(Saved data entries)
──────
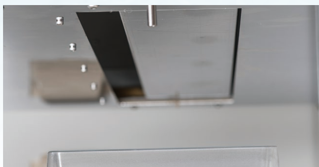
液だれ防止シャッター閉口時
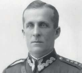
Bicie bolszewika ważniejsze od igrzysk olimpijskich / 26
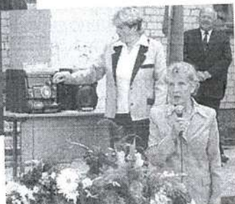
В этом году нас ждёт аттестация и нужно учиться в полную силу
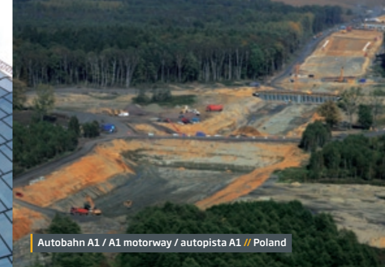
Autobahn A1 / A1 motorway / autopista A1 // Poland
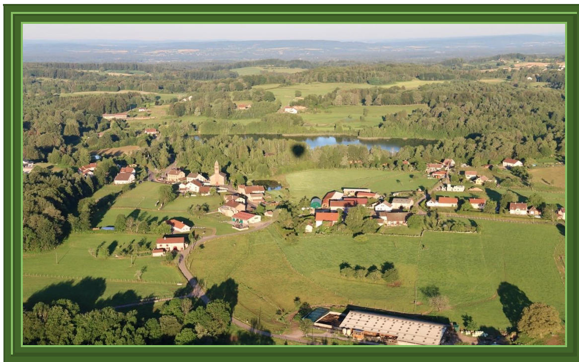
Photo prise depuis une montgolfière juillet 2019
──────
» **WHAT IS EXPECTED**: Pick up at the line containing "В этом году" and copy each line exactly until the data ends, including that last line; copy no pictures.

» **SOLUTION TO THIS PROBLEM**:
В этом году нас ждёт аттестация и нужно учиться в полную силу
Autobahn A1 / A1 motorway / autopista A1 // Poland
Photo prise depuis une montgolfière juillet 2019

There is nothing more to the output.